BEGIN

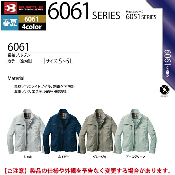 【keyword0323_workclothes】 作業着 作業服 ブルゾン 長袖 バートル BURTLE 作業着 6061 長袖ブルゾン S-LL 作業服 春夏
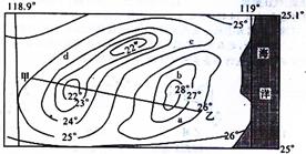 本题解析: 小题1:从等温线分析等高线可知,从甲开始,由于温度越来越低,海拔越来越高;然后温度越来越高,则海拔越来越低;28℃等温线之后,海拔又逐渐上升到乙。选择B项。 小题2:根据图中信息可知,该地处于我国东南沿海,c离海洋近,地形是处于山地的迎风坡,降水丰富。 小题3:该地气温最低的是21℃--22℃;气温最高的是28℃--29℃。二地温差6℃--8℃。所以相对高差是1000~1300米。
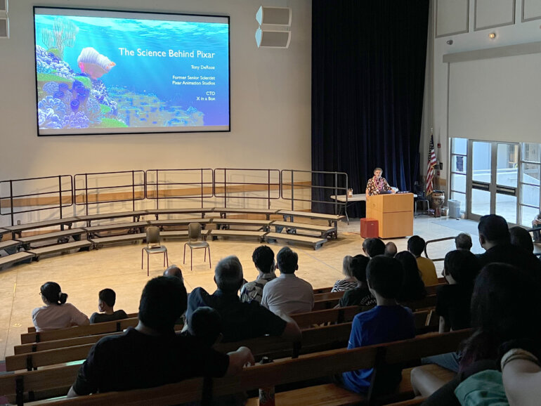 Their time at Punahou culminated in three simultaneous public evening events for the community on Friday. During the events, Klaidman discussed the art and story behind Pixar’s films, while DeRose delved into the science behind the animation magic. Cruise shared about new educational experiences in the age of AI, and gave an inside look at how the free digital education platform, Khan Academy, partnered with Pixar to create the online course, “Pixar in a Box.”
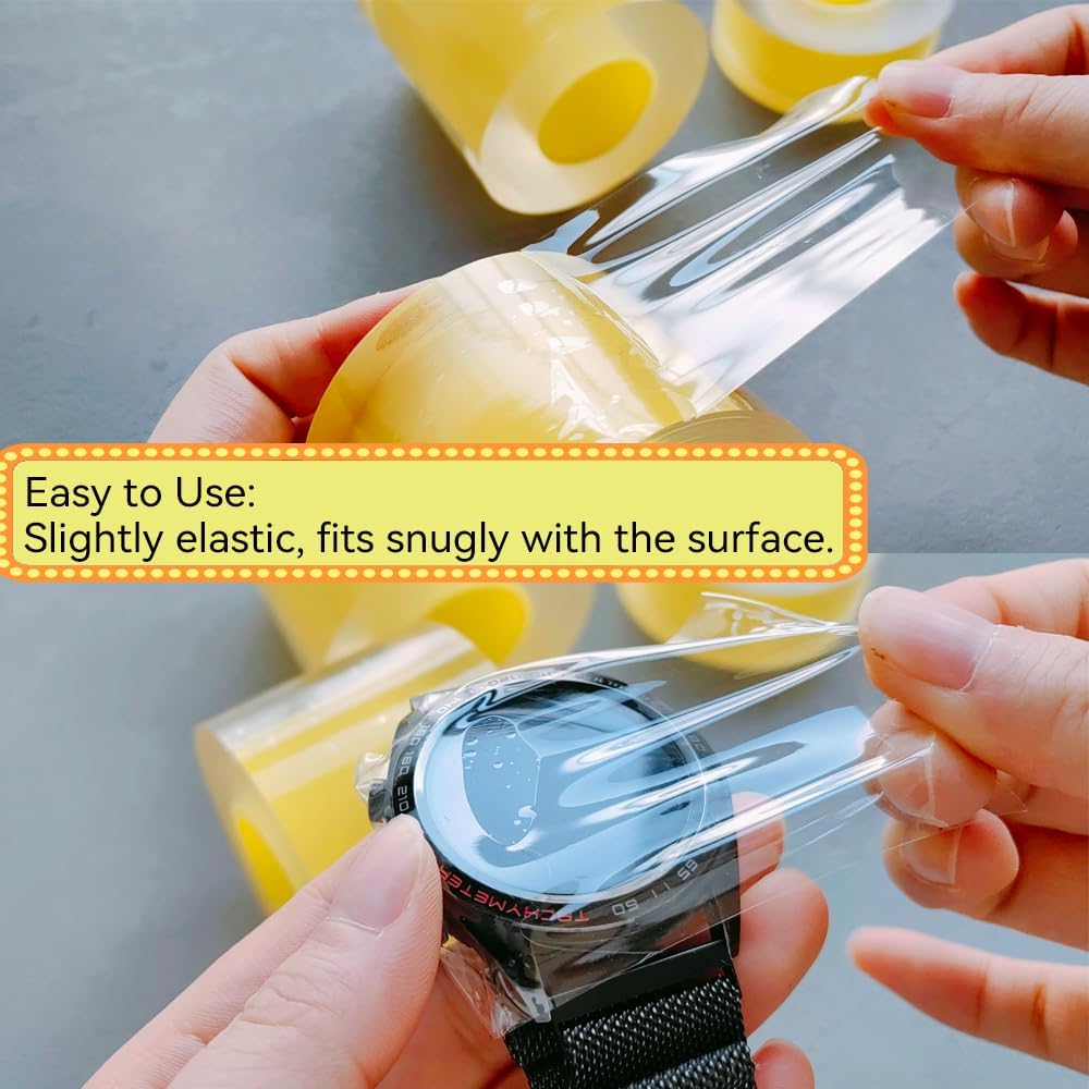 Clear protective film that adheres to itself without leaving adhesive material. Not affecting the original appearance of the watch and jewelry, while providing necessary protection.

END

- Activity: Only the lines starting at the one that holds "Their time at" and ending at the last line of the data belong in your answer. Please set them down exactly and omit the pictures.

- Final answer:
 Their time at Punahou culminated in three simultaneous public evening events for the community on Friday. During the events, Klaidman discussed the art and story behind Pixar’s films, while DeRose delved into the science behind the animation magic. Cruise shared about new educational experiences in the age of AI, and gave an inside look at how the free digital education platform, Khan Academy, partnered with Pixar to create the online course, “Pixar in a Box.”
 Clear protective film that adheres to itself without leaving adhesive material. Not affecting the original appearance of the watch and jewelry, while providing necessary protection.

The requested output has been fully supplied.